Oh, it’s Spring Pledge Drive over at BEZ. I’m not holding up very well even after only a few days without NPR. Next time, I’ll be sure to renew during pledge drive instead of by mail, what with the wonderful contests and all.

6 February 2002
Practice saying (well, enunciating) this a few times: “this delicious, cleansing sentence tastes quite like cantaloupe sorbet.” from today’s PowellsBooks.news, quite possibly the only email newsletter that features the serialized tale of a bookstore cat whose most human attribute is a very Portland trait: riding mass transit.

4 February 2002
Wow, it’s cold out there. Been busy for the past few days, so apologies for the lack of updates — not that anything that interesting happened (except some hanging around the neighborhood), but anyhow. (On Saturday, I did participate in some neat street theatre for Lambda Legal and found a poster of my latest political hero, but is that really newsworthy? You tell me.) Amazon.fr is running a sale on CDs (at € 8-9 apiece, that’s $11 shipped to the US!), so I think I’ll try and find something else obscure enough to make me feel creative… for the next few months at least.
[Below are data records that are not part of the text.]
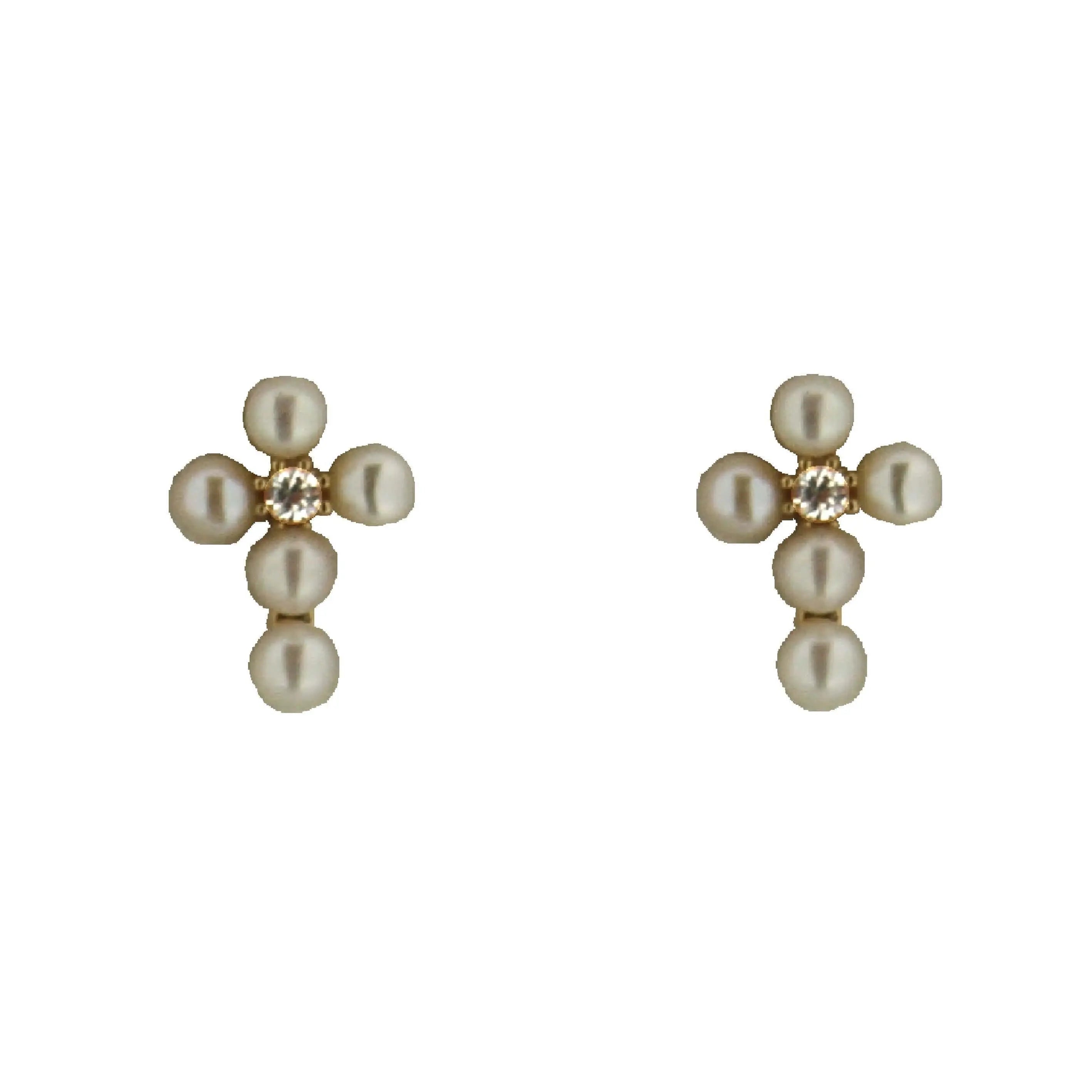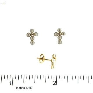 Elevate their special moments with the enchanting 18K Solid Gold Center Zirconia Pearls Cross Earrings, designed to add a touch of elegance and grace to any young individual's attire. Perfect for communions, weddings, birthdays, or as a meaningful gift, these petite treasures measure 0.37 x 0.27 inches (9.4 x 6.9 mm), embodying a blend of delicacy and sophistication.
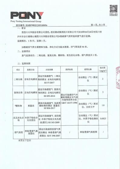 四川天華股份有限公司動(dòng)力車(chē)間2#脫硫塔2018年1季度廢氣委托監(jiān)測(cè)報(bào)告
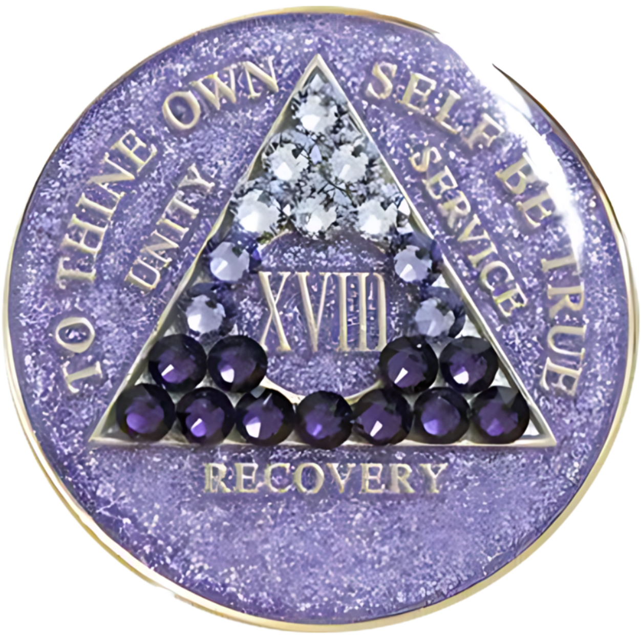 AA Coin, #A39. Glitter Lavender AA Chip w Purple Trans (Yrs 1-50)
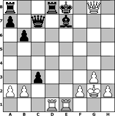 game notation in PGN-format [Event "Sommerferien 2010"] [Site "www.myChess.de"] [Date "2010.06.20"] [Round "2"] [White "sprinterde"] [Black "Joschi"] [ECO "B17"] [WhitemyELO "1668"] [BlackmyELO "1565"] [Result "1-0"] [TimeControl "10/2592000"] [WhiteDays "84"] [BlackDays "86"] [MyChessNo "66421"] 1. e4 c6 2. d4 d5 3. Nc3 dxe4 4. Nxe4 Nd7 5. g3 Ngf6 6. Nxf6+ Nxf6 7. Bg2 e6 8. Bg5 Be7 9. Ne2 h6 10. Bxf6 Bxf6 11. O-O O-O 12. c3 Qc7 13. Re1 b6 14. Qa4 Bb7 15. Nf4 Rfb8 16. Nh5 Be7 17. Qd1 c5 18. Qg4 g6 19. Nf4 Bxg2 20. Kxg2 cxd4 21. Nxg6 fxg6 22. Qxg6+ Kf8 23. Qxh6+ Ke8 24. Qxe6 dxc3 25. Rad1 Rd8 26. Qg8# 1-0 position notation in FEN-format r2rk1Q1/p1q1b3/1p6/8/8/2p3P1/PP3PKP/3RR3 - - - 3 26 Captured white pieces: Captured black pieces: Click on a captured piece in order to display the desired move!
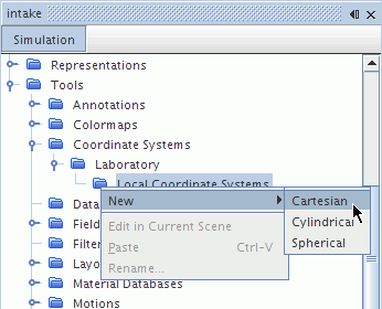 右键单击基本的基准坐标系或之前定义的笛卡尔局部坐标系的局部坐标系管理器节点,选择新建,然后选择要创建的局部坐标系类型:
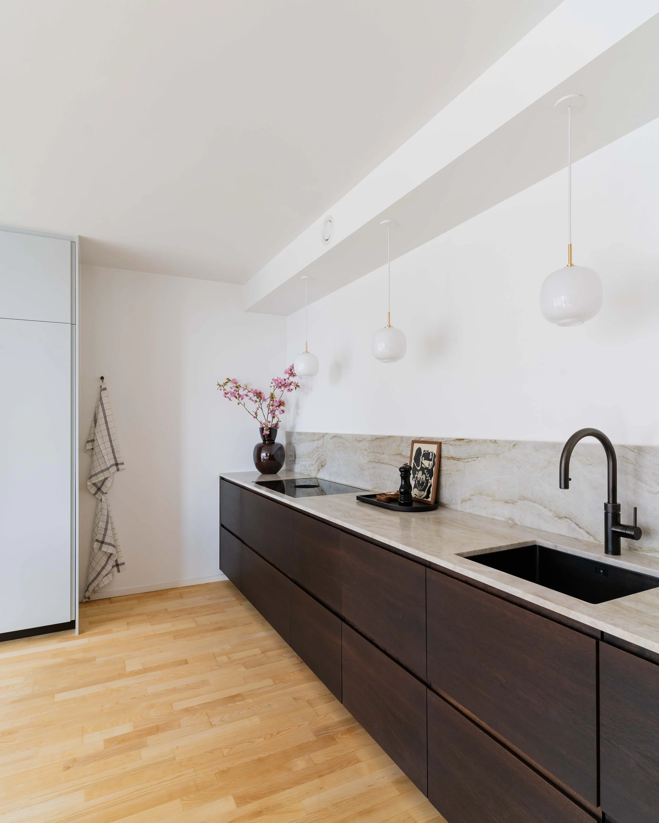 Højskabe og skuffer med fræst greb. Bordplade og back-splash i Quartzite. Kogetop fra BORA. Quooker og vask i gunmetal.
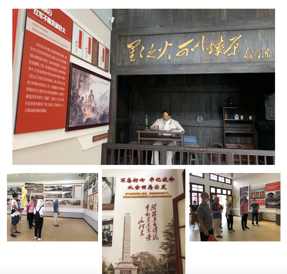 會址保持了當年的陳設,6列學生桌椅陳舊而整潔。會場正上方掛著“中國共產黨紅軍第九次代表大會”的橫幅,地板上的斑斑炭火印跡,瞬間把我們帶到了1929年那次非同尋常的會議。
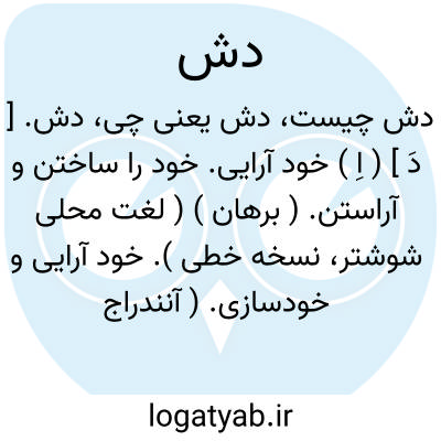 دش. [ دَ ] ( اِ ) خود آرایی. خود را ساختن و آراستن. ( برهان ) ( لغت محلی شوشتر، نسخه خطی ). خود آرایی و خودسازی. ( آنندراج ). خود آراستن. ( غیاث ). || صورت خوش. ( برهان ). صورت خوب. ( لغت محلی شوشتر، نسخه خطی ). || شبه و نظیر و مانند. ( برهان ). شبیه و مانند. ( لغت محلی شوشتر، نسخه خطی ). احتمال اینکه کلمه در این معنی دگرگون شده «وش » باشد نیز هست. دس. و رجوع به دس شود.
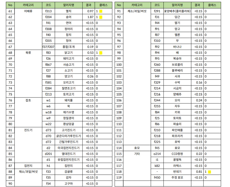 1등급 알러지 요소로는 귀리, 말라세시아(두피에서 비듬 먹고 사는 곰팡이균이라고 한다), 알터나리아(식물에서 주로 발견되는 곰팡이균이라고 한다), 번데기, 멸치, 송어, 닭고기, 우유
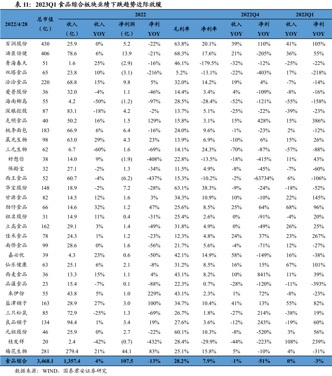食品综合板块收入增速整体放缓,盈利增速承压。2022年食品综合板块收入1357亿元、同比+4%,归母净利润107亿元、同比-13%,其中2022Q4收入和净利润分别-1%、-51%。2023Q1板块趋势边际向好,收入343亿元、同比大体持平,归母净利润35亿元、同比-3%,增速均环比提升。受成本端影响边际式微影响,食品综合板块利润率止跌回升,2023Q1毛利率28.8%、同比-1.3pct、环比+1.1pct,板块净利率10.2%、同比-0.3pct、环比+6.5pct。其中,百润股份受益于旗下强爽显著放量,22Q4以来收入、利润保持高速增长;甘源食品、劲仔食品、盐津铺子等受益于新业态崛起以及同期低基数,收入增长仍较为迅猛,继续释放利润弹性。
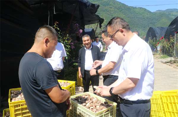 郝军亮实地察看梁家山村果酒生产线和袋料香菇种植基地,详细了解产业规模、市场销售及带领群众增收情况。他希望当地产业带头人牢固树立品牌意识,利用好得天独厚的生态优势,不断提升经济效益,努力让当地群众从“绿水青山”中获得更多“金山银山”。
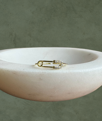 Este anillo inspirado en el diseño de un paper clip te ofrece un toque moderno y audaz en cada look. Fabricado en plata esterlina 925 y con un elegante acabado dorado, es una pieza ligera y cómoda, ideal para quienes buscan estilo sin esfuerzo.

The first few WTBAC pages are now up. Enjoy. I’ll spend at least some of the rest of the week on a project for the Critical Mass Art Show, opening on Saturday.

29 January 2002
You know you’re a New Yorker when… what? Responses vary considerably: some apply to the anonymity and drive of any large city. One alludes to mobility (switching apartments); another to stability (having family in the city). Hm. BTW: a snow emergency will likely be declared tomorrow. Comings and goings: the new dorms and dining hall have opened at the U of C, but Bistrot Zinc on Southport (my first sidewalk creperie) has closed and will probably be demolished, since the property’s been sold.